:: Given data
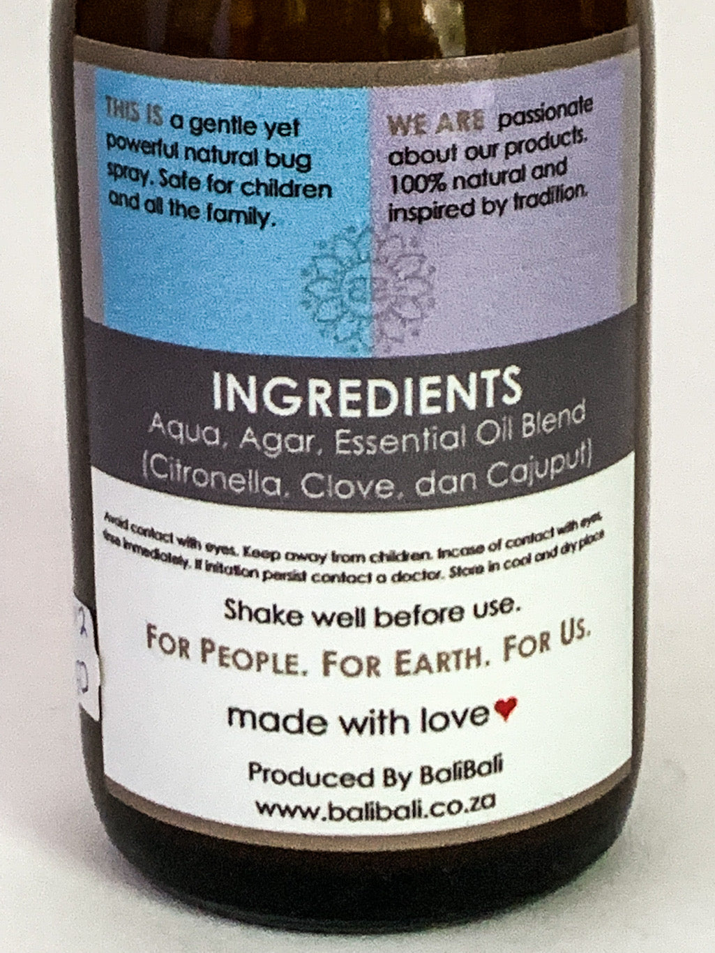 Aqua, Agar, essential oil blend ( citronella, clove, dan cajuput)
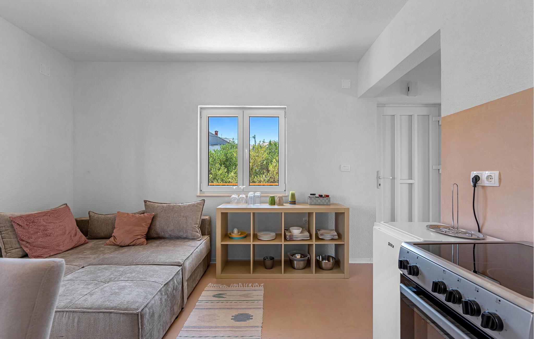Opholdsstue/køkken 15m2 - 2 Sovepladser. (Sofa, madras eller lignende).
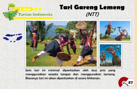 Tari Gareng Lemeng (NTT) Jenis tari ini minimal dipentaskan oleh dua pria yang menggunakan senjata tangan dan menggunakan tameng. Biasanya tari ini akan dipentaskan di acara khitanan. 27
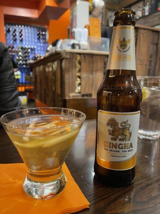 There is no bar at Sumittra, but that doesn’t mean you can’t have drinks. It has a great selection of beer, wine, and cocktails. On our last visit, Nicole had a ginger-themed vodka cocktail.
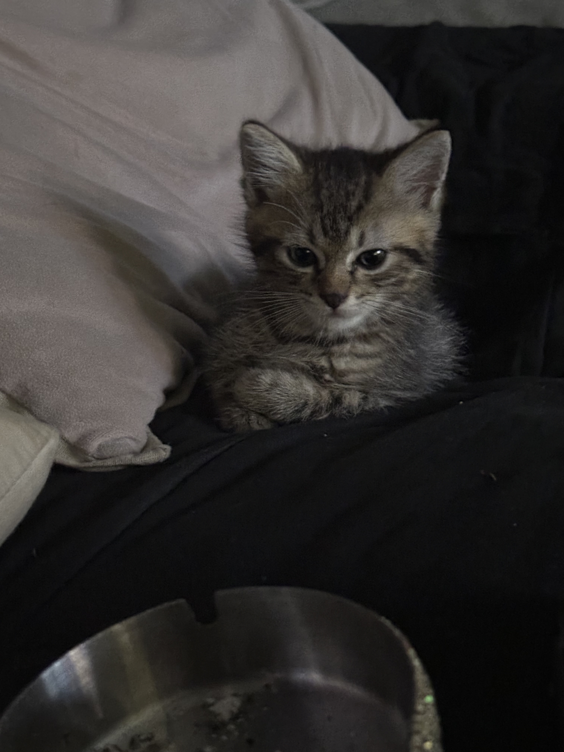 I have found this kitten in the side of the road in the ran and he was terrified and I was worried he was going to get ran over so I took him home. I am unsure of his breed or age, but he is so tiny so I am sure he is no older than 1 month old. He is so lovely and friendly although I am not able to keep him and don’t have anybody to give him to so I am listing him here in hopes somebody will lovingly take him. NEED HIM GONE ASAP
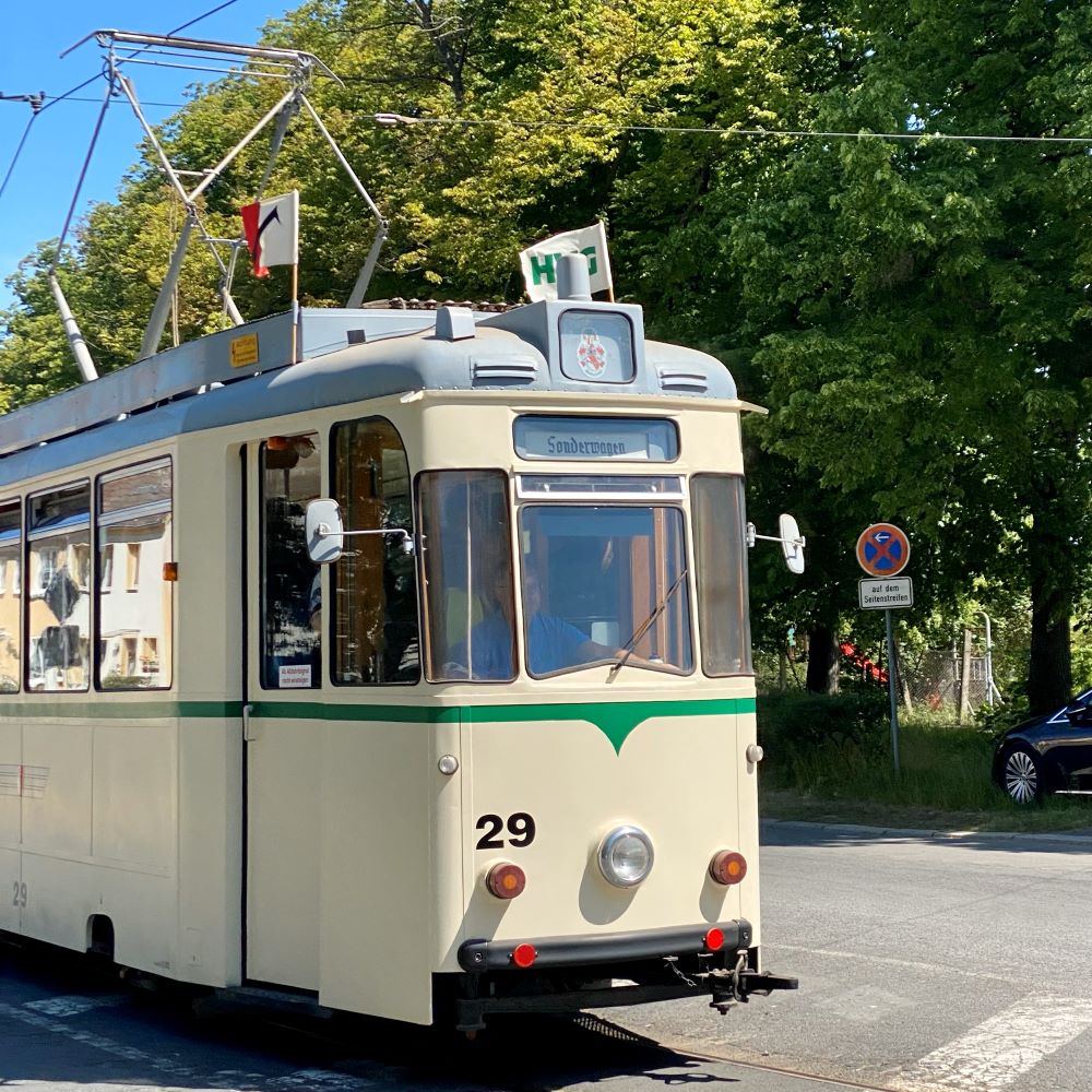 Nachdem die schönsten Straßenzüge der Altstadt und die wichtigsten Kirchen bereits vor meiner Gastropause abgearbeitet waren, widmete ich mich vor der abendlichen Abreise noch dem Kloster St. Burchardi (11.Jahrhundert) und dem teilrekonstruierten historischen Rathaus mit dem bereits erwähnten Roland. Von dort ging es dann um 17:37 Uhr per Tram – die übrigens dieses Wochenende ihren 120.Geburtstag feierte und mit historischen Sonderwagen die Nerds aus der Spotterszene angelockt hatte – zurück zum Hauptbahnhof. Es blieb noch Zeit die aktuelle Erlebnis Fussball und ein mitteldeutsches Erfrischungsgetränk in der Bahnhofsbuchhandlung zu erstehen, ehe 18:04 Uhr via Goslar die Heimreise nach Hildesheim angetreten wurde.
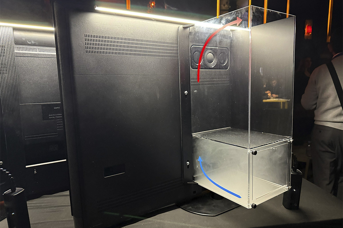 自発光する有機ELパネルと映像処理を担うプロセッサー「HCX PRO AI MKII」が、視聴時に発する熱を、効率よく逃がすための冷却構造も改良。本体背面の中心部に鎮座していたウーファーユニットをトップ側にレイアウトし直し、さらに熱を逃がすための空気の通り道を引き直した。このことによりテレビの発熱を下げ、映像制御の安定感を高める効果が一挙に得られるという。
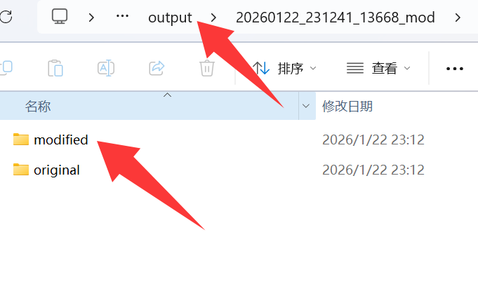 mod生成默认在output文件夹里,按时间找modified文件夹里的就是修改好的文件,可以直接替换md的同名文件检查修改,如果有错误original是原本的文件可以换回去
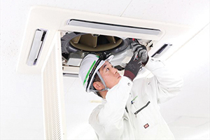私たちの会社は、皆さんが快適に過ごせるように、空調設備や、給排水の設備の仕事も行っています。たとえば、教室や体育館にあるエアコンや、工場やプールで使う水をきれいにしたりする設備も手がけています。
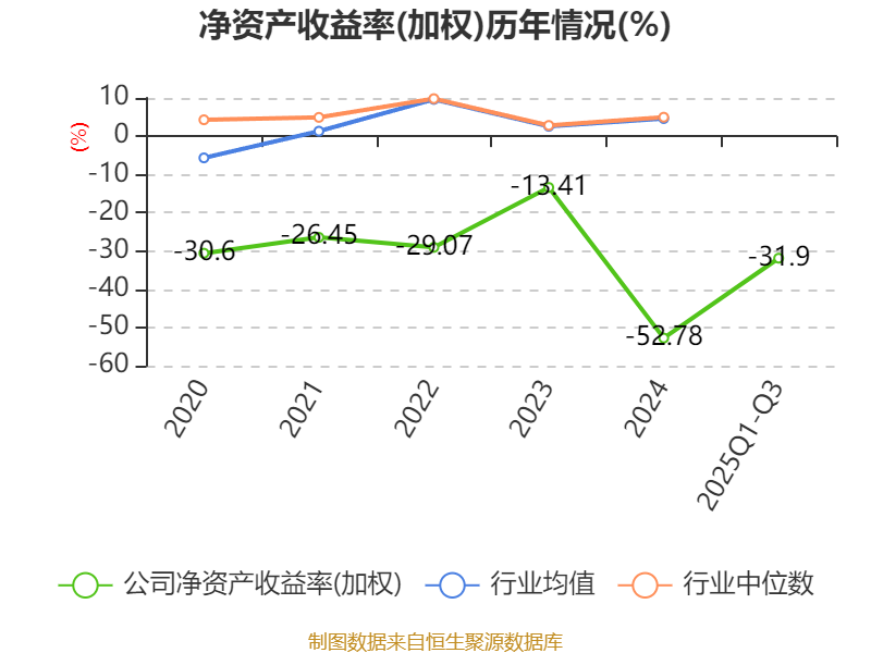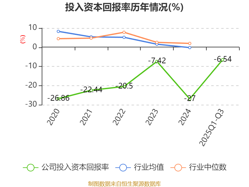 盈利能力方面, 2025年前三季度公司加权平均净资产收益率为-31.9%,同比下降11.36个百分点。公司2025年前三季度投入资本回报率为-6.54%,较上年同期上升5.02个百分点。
::::
Directions for this task:
Repeat exactly the lines above, from the line that contains "Tari Gareng Lemeng" down through the line that contains "Nachdem die schönsten". Include both of those lines and none of the pictures.

Final answer:
 Tari Gareng Lemeng (NTT) Jenis tari ini minimal dipentaskan oleh dua pria yang menggunakan senjata tangan dan menggunakan tameng. Biasanya tari ini akan dipentaskan di acara khitanan. 27
 There is no bar at Sumittra, but that doesn’t mean you can’t have drinks. It has a great selection of beer, wine, and cocktails. On our last visit, Nicole had a ginger-themed vodka cocktail.
 I have found this kitten in the side of the road in the ran and he was terrified and I was worried he was going to get ran over so I took him home. I am unsure of his breed or age, but he is so tiny so I am sure he is no older than 1 month old. He is so lovely and friendly although I am not able to keep him and don’t have anybody to give him to so I am listing him here in hopes somebody will lovingly take him. NEED HIM GONE ASAP
 Nachdem die schönsten Straßenzüge der Altstadt und die wichtigsten Kirchen bereits vor meiner Gastropause abgearbeitet waren, widmete ich mich vor der abendlichen Abreise noch dem Kloster St. Burchardi (11.Jahrhundert) und dem teilrekonstruierten historischen Rathaus mit dem bereits erwähnten Roland. Von dort ging es dann um 17:37 Uhr per Tram – die übrigens dieses Wochenende ihren 120.Geburtstag feierte und mit historischen Sonderwagen die Nerds aus der Spotterszene angelockt hatte – zurück zum Hauptbahnhof. Es blieb noch Zeit die aktuelle Erlebnis Fussball und ein mitteldeutsches Erfrischungsgetränk in der Bahnhofsbuchhandlung zu erstehen, ehe 18:04 Uhr via Goslar die Heimreise nach Hildesheim angetreten wurde.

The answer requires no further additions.